# Need a crawling vine that will keep leaves until Dec



## Jolly Roger (May 21, 2004)

My deer stand is located on a Highline in Jasper county. Large plastic box out in the wide open. Want to add some cover and 3d. Have tried netting and was not impressed. Going to screw some lattice all the way around it. Plant some type of crawling vine that will hold cover until mid Dec or longer. Will be in direct sunlight, water will depend on rain. 

Looking for any advice of what yall think may work. If I have to locate some native and transport will do that if it is what it takes. Muscadine was my first thought, but it is usually in shade and does not keep leaves very long. Thanks for the help


----------



## Tortuga (May 21, 2004)

Confederate Jasmine...or Carolina Jasmine...will keep leaves all year..and grow fast. Not too sure about your water supply though..

.02


----------



## daddyhoney (Dec 4, 2006)

*evergreen* wisteria. Thick green all year long and needs little care. I planted two by a pergola and a year later it was covered. I have about a hundred seeds I gathered from last year iff you want some, PM an address and i will send them.

Gary


----------



## w_r_ranch (Jan 14, 2005)

Trumpet vine, aka hummingbird vine. It will cover it & then some in a year.

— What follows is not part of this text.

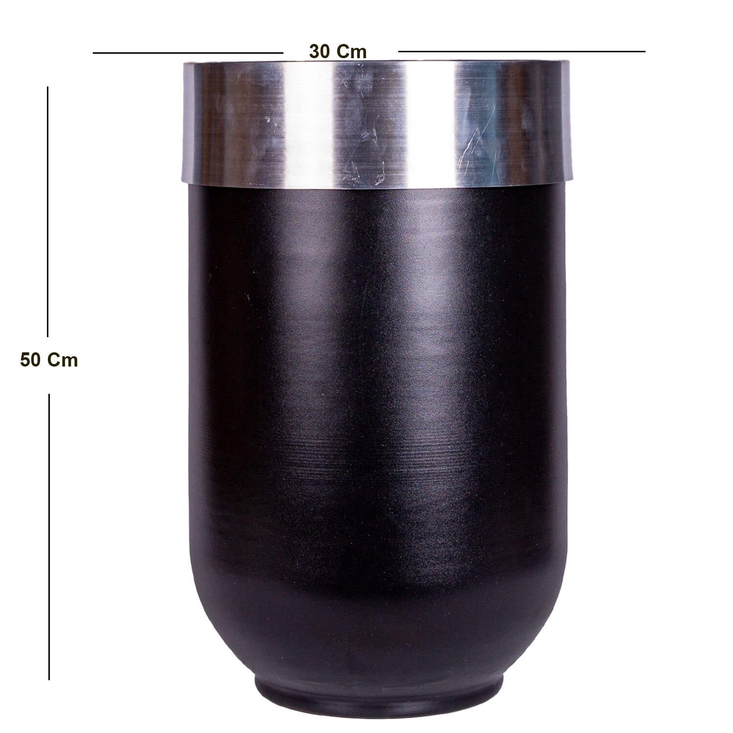 Darbuka Saksı, Alüminyum Çemberli, Siyah-Lame - 30x50 cm

VERY drought resistant...

Bring shears for trimming prior to opening day & then hang them on a nail in your stand.


----------



## Jolly Roger (May 21, 2004)

thanks for the info guys. Going to check them out.

Daddyhoney thanks for the offer, but going to be early spring before this project takes place. Afraid the seeds would go bad or I would loose them before then.


----------



## w_r_ranch (Jan 14, 2005)

If you go with the trumpet vine, you won't need seeds... Drive around and you will see it growing up telephone poles, simply cut some 12-18" pieces & stick them in pots of dirt & they will root over the winter and be ready to plant by spring.

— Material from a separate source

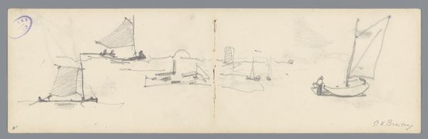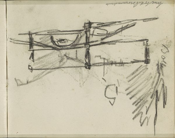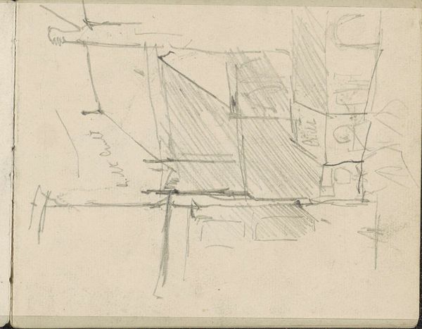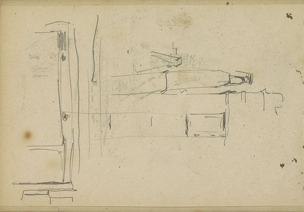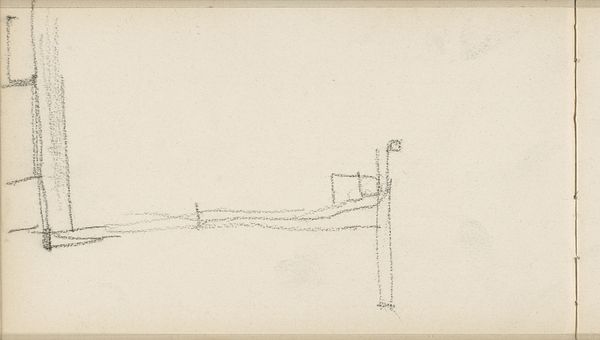 Editor: Here we have a quick pencil sketch, “Studie, mogelijk van een kar op het strand” - that's "Study, possibly of a cart on the beach" – by George Hendrik Breitner, dating from around 1880 to 1882. It’s interesting to see such a fleeting impression captured on toned paper. It feels almost like a forgotten note. What strikes you most about this little drawing? Curator: The power in this sketch lies precisely in its ephemeral quality. Think of Breitner operating in a rapidly industrializing Amsterdam. How might a sketch like this have functioned as a subversive act, prioritizing subjective experience over academic precision in a society increasingly obsessed with demonstrable progress? Editor: That's a great point. I hadn't considered it as a potential counter-narrative. Do you think his choice of subject – seemingly mundane, everyday life – plays into that? Curator: Absolutely. Breitner's focus on ordinary subjects – a cart on the beach, for example – challenges the prevailing artistic conventions of his time, which favored grand historical or mythological scenes. It's a quiet form of rebellion. Where would the everyday citizen see this today, in the late 20th, early 21st century? Would such rapid sketching on urban life or transport have similar societal impact? Editor: I can see that in his capturing of urban life or his work showing movement. Thinking about Breitner focusing on fleeting moments also opens the door to discussions around how artistic practices evolve and mirror changing social values. Curator: Exactly. And considering where this sketch lives, in the collection of the Rijksmuseum, it begs the question: How does the institutional context influence our understanding of what constitutes “art” and whose stories get told? Editor: I think this small pencil drawing opens up interesting discussion about artistic intention, societal values, and the role of institutions in shaping those things. Thanks for your perspective! Curator: My pleasure. It's always revealing to look at even a quick sketch like this as a reflection of broader cultural currents and political dialogues.

Also you won't need to screw any lattice to your stand, as it puts out huge numbers of tendrils that can grab/hold onto anything (even glass).


----------



## peckerwood (Jun 9, 2012)

Plain ole honeysuckle!


----------



## JFolm (Apr 22, 2012)

w_r_ranch said:


> Trumpet vine, aka hummingbird vine. It will cover it & then some in a year. VERY drought resistant...
> 
> Bring shears for trimming prior to opening day & then hang them on a nail in your stand.


I wonder if this would attract bees?


----------



## w_r_ranch (Jan 14, 2005)

Everything mentioned has flowers & will attract bees. 

I myself have found that if you 'let them do their thing', they will leave you alone... Now red wasps/yellow jackets that have a nest are another thing entirely... Hang a fresh 'Hot Shot' 2X/year in your stand & that problem is solved. 

I hate wasps & yellow jackets... to me, there is nothing worst than crawling up there & hearing buzzing under the tin...


----------



## smooth move (Dec 10, 2007)

try sweet potato vine. it grows in 2 colors that i know of. i use it for ground cover in the flower beds and it crawls up anything it can grab.


----------



## sea hunt 202 (Nov 24, 2011)

try fig ivey green all year and will climb with out any help will even stick to glass, if you want some come to my house and dig up tons of it free. I use it to cover the fence as we have a pool and privacy is a must. If you buy at garden center a 3'' pot is about 4.00 not cheap slow growing but effective


----------



## Cody C (May 15, 2009)

I've never thought about ivy up the deer stand but I can tell you that you don't want a pisseed off hummer in your blind with you! Lol. 

Cool idea. Let us know what you go with/ how it works. 


Cody C


----------



## peckerwood (Jun 9, 2012)

I posted earlier that honeysuckle would be good,but like the idea of trumpetvine better,just because hummingbirds love it.Sometimes called hummingbird vine.


----------